Maps not only assist you in indicating where you are now, but also help you plan where you want to go next. To help you out, most online mapping services such as Map24, Maporama, MapQuest, and Multimap feature a "driving directions" service on their web sites, which is free, online, and always available. These services provide directions in two different ways: they can give you driving instructions to a location you've just searched for on the site, or they can just help you plan a trip from point A to point B.
A typical route-planning session consists of four stages: address input and validation, address geocoding, route calculation, and route representation.

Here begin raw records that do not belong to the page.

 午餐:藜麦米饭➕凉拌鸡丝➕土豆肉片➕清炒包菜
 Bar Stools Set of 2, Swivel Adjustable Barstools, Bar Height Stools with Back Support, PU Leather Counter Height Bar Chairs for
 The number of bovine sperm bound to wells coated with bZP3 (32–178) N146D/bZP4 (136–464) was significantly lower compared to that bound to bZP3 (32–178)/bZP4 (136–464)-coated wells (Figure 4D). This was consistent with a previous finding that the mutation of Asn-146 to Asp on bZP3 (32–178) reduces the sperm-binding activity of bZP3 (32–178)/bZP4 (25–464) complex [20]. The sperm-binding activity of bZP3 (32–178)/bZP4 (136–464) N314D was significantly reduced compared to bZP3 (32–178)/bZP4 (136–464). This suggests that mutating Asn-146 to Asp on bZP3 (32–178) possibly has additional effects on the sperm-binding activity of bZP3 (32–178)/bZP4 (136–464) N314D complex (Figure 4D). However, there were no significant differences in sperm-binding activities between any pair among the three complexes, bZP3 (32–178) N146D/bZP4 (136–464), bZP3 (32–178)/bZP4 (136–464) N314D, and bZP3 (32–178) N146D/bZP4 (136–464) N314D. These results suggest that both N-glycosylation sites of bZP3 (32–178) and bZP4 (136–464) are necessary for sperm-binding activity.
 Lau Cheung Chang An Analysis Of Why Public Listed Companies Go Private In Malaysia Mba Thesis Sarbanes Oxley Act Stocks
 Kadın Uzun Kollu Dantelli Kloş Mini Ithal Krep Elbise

The first two stages revolve around locating a given address in geographic space: translating a human-readable address into a machine-readable pair of coordinates. (You can see these principles in action in [Hack #79] .) Instead of worrying about just one address, two addresses must be converted into computer-friendly coordinates. In the third stage, the actual route is calculated. As this stage requires a lot of computer processing, it takes quite a while. In the last stage, the route is represented in a human-readable format as a table of textual instructions and additional information.

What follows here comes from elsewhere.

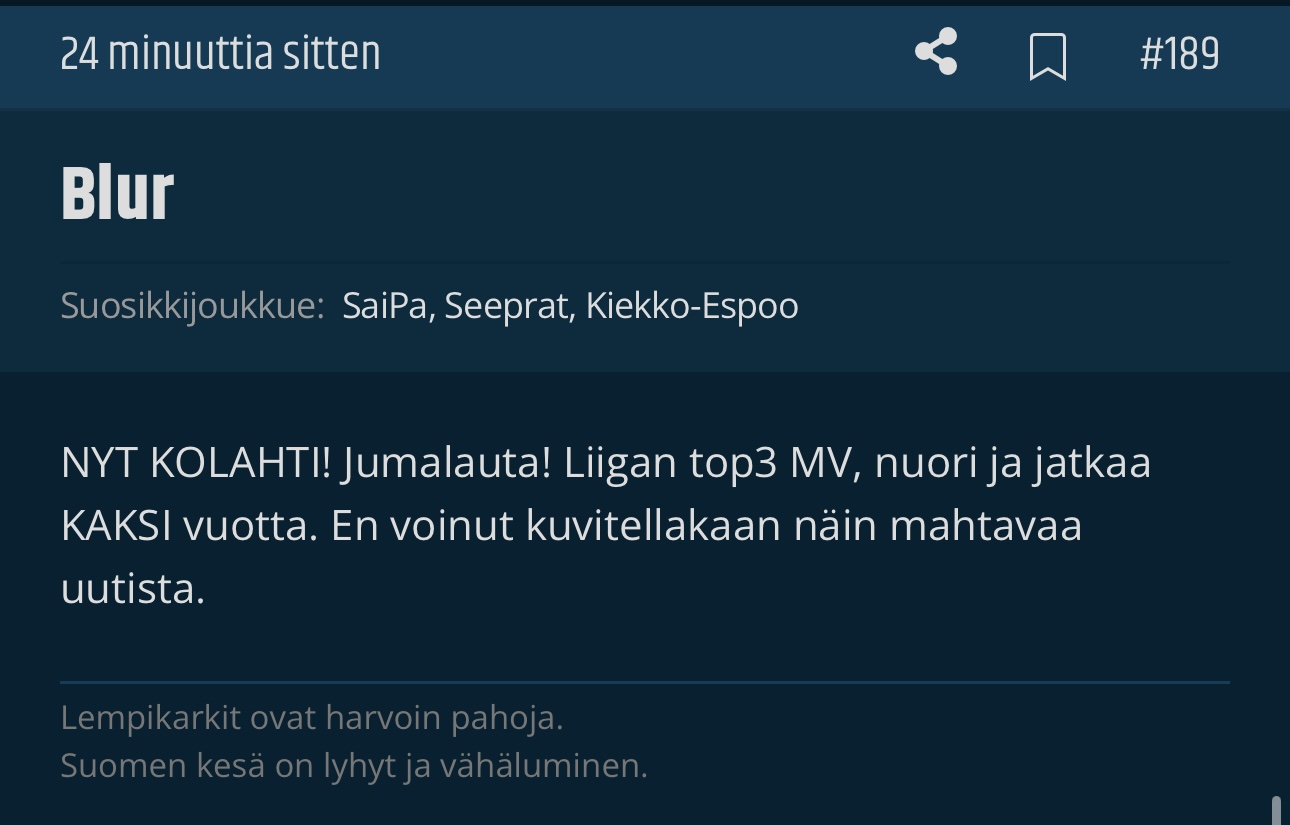 "Ei nyt varsinainen siirtohuhu, mutta SaiPa julkaisee huomenna aamulla kymmeneltä jatkosopimuksen instagram-videon perusteella. Videossa jonkinlainen pelilauta, jossa nostettuna 2 ja 6, sekä heitetään nopilla 5 + 5, noppien kaikkien näkyvien sivujen silmälukujen summa 23. Voisi olla ensi kauden sopimus joko Kivenmäelle (#10) tai V.Petmanille (#23)."

Road-network data that is used for route calculations is a subset of the data offered by commercial mapping data providers such as AND, GDT, NAVTEQ, and TeleAtlas. These data sets not only include representational information—the road class (to determine line width and line color), the road name, and house number ranges (for labeling)—but also navigational information.
To calculate the shortest or quickest route between two points, routing software borrows from graph theory and relies on (a variation of) the Dijkstra or A* algorithm. These algorithms take into account only the connectivity between navigable features and the difficulty (or impedance) factor of each navigable feature. When calculating the shortest route between two points over a network, the length of the navigable features is used as the impedance factor. When calculating the quickest route, the impedance factor incorporates both feature length and travel speed; the length of the navigable features is combined with their travel speeds to approximate the travel time for each feature.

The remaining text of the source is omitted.